The Little Match Girl

by

Hans Christian Andersen

The Little Match Girl: Situational Irony 1 key example

Situational Irony
Explanation and Analysis—The Girl’s Sweet Death:

The little match girl’s peaceful death at the end of the story is an example of situational irony. Despite the fact that the little girl has suffered so much throughout the story and slowly dies from exposure on the icy city streets (a typically agonizing experience), in an ironic twist, she ends her life in a state of peace and love. This is because her grandmother’s spirit visits her in a vision and takes her up to the stars to be reunited with God.

The end of the story is also an example of dramatic irony. This is because, when the little girl’s body is found the following morning, passersby only see the sadness in her death rather than the beauty. Readers, on the other hand, know the deeply spiritual nature of the girl’s death. The final lines of the story capture the two layers of irony:

In the cold morning the little girl was found. Her cheeks were red and she was smiling. She was dead. She had frozen to death on the last evening of the old year. […]

“She had been trying to warm herself,” people said. And no one knew the sweet visions she had seen, or in what glory she and her grandmother had passed into a truly new year.

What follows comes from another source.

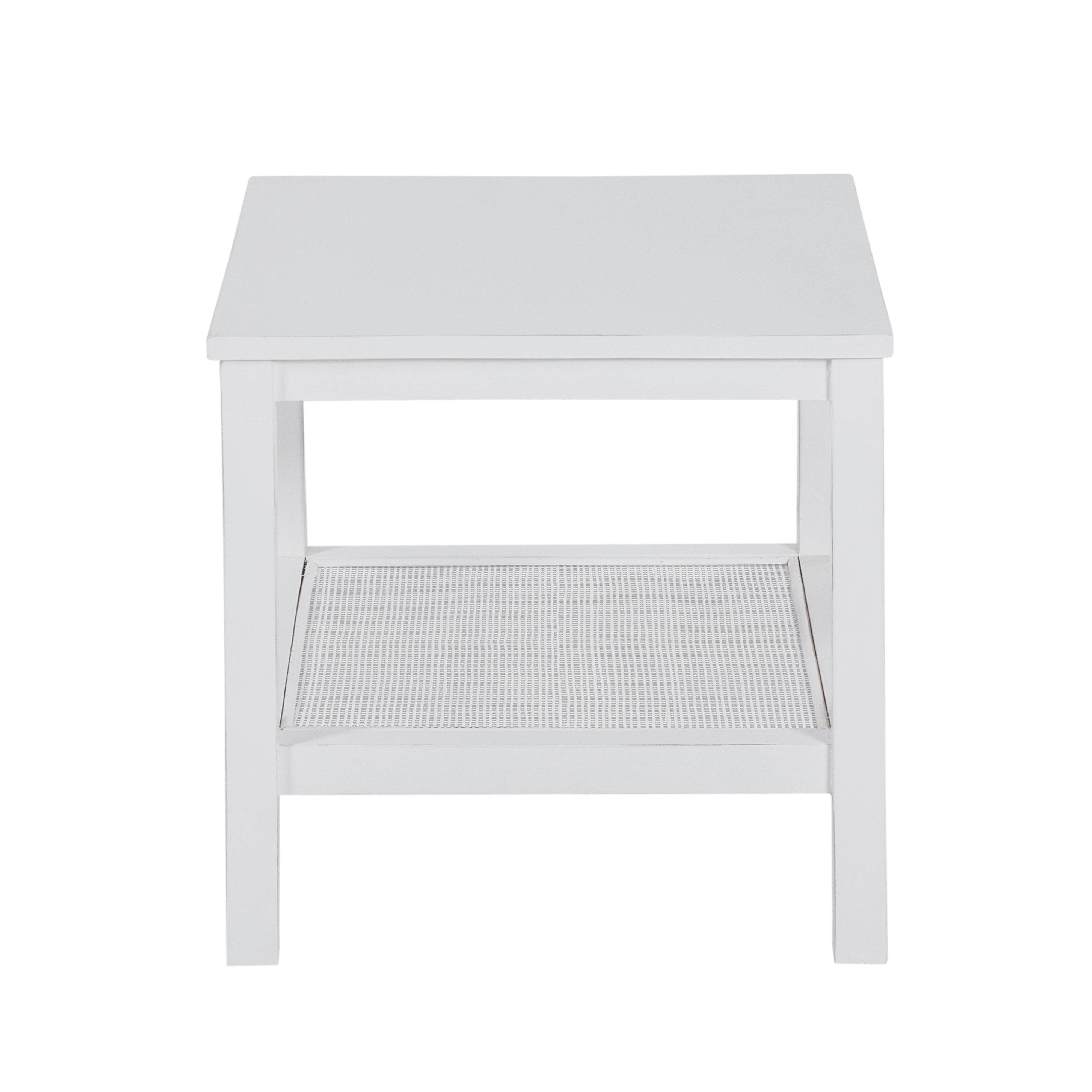 The side table is simply a multi-purpose furniture marvel! It is a table with attractive webbing on the lower part and is made of sustainably harvested solid Mindi wood. The Mindi wood is valued for its strength, longevity, and resistance to deterioration due to mould or moisture.Designed in a Bohemian style, with fibrous whiskers, bumps, slight cracks etc. as natural features, this small piece of furniture brings a sense of coziness and warmth to your living room. The distressed white finish makes the table suitable to complement diverse interior decor styles or furniture pieces. The fully assembled table comes with a one-year warranty.

The fact that the little girl was found “smiling” captures the situational irony of how joyful and at peace she was while freezing to death in the street. The narrator’s note about how the people who pass by her body were unaware of “the sweet visions she had seen, or in what glory she and her grandmother had passed” captures the dramatic irony in this moment. The pedestrians only see how the girl “had been trying to warm herself” with her matches, not knowing that she had successfully warmed herself by dying in a state of bliss.